The statistical programming language R is often underrated within the Pharmaceutical Industry. Often the default is to pay for expensive software when R could be a viable option. R is freely available and runs on almost all operating systems including Unix, MacOS, and Microsoft Windows.
R is an object-oriented language with similarities to C++ and FORTRAN, because of this structure R has the ability to easily manipulate statistics and graphics. R has a set of user developed packages containing groups of functions. There are thousands of well-tested functions available that build on the cutting-edge statistical research; many journals suggest or require available R packages for publication. The packages and the integration with academia means that improvements and experimental procedures are often implemented quickly.

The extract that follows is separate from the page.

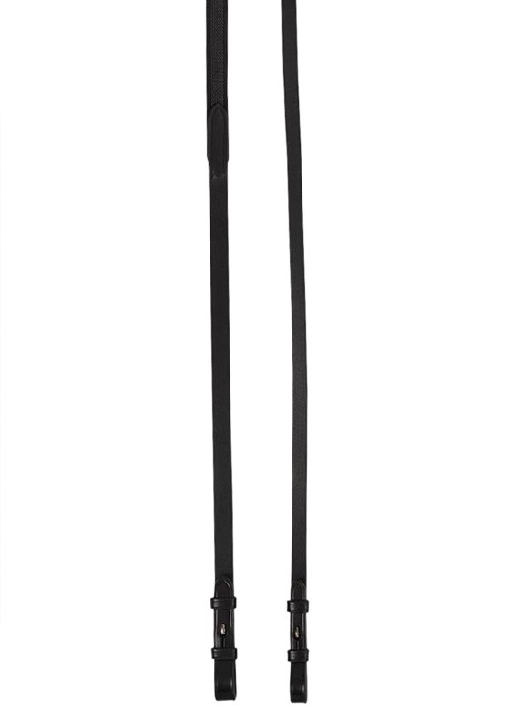 Anatomisch en comfortabel stang en trens hoofdstel gemaakt van een mooie kwaliteit Engels leder. Het hoofdstel heeft een 45 mm brede en zacht gevoerde anatomische aansnoerneusriem om de druk op de gevoelige delen te verlichten. Het anatomische kopstuk is extra breed en zacht gevoerd voor een optimale drukverdeling. De voering van het kopstuk is in het midden onderbroken, zodat het kopstuk bij het gedeelte van de manen geen extra druk geeft. De voorgevormde frontriem is ingelegd met heldere, glinsterende kristalletjes. De neusriem is vervaardigd van lakleder en zacht gevoerd in de kleur black. De bakstukken zijn voorzien van haaksluitingen en de keelriem is verstelbaar aan beide kanten. Wordt geleverd met stang- en trens teugels met haaksluitingen. De stang teugel is vervaardigd van leder en de trens teugel is vervaardigd van anti-slip. Verkrijgbaar in de kleur black.

The lack of a separate macro language and the code structure when dealing with large datasets and complex data processing can increase the learning curve for R, however R still remains one of the most useable graphics tools. For exploratory graphics there are few software packages that match R with ggplot2 or lattice graphics for the ease of use and customisation. As well as this the integration between R and other open source packages such as LaTeX allows for easy and highly customisable reports. These advantages suggest that R should more often be considered when analysing and summarising clinical data.
A major benefit of using R is the integration with other software. Figure 1 shows an example of how R can be used as part of an integrated process for producing output and executive summaries.
Figure 1: R software integration
Figure 2: Graphics produced using lattice (above) and ggplot2 (below) packages
Cutting Edge Statistics at a Price:
As R is open source there is a set of user developed packages containing groups of functions; each one targeting an area of statistics, graphics or programming. These packages range from doBy, a package for performing grouped analysis and processing, lars, a package that performs least angle regression and produce lasso plots commonly used in genomics, to R2WinBUGS, a package to call WinBUGS from within R.
There are also thousands of well-tested functions available from the central repository that build on cutting-edge statistical research; many journals require R packages to be available prior to publication. The regular use within academia means that improvements and experimental procedures are often implemented quickly.
However, the package structure and live updating nature of R that is one of its major strengths, is also one of its major concerns. These concerns can often be alleviated through a well maintained validation process and carefully controlling versions. A full discussion on the regulatory compliance and validation issues is available from www.r-project.org/doc/R-FDA.pdf.
R should form an integral part of a suite of analysis software as it has the following strengths:
•Quick release of cutting edge methods
•Compatibility with a range of other software
•High quality graphics The strength of R in experimental procedures and as an investigative tool is undeniable and the increasing compatibility with other analysis software is rapidly making R an attractive alternative.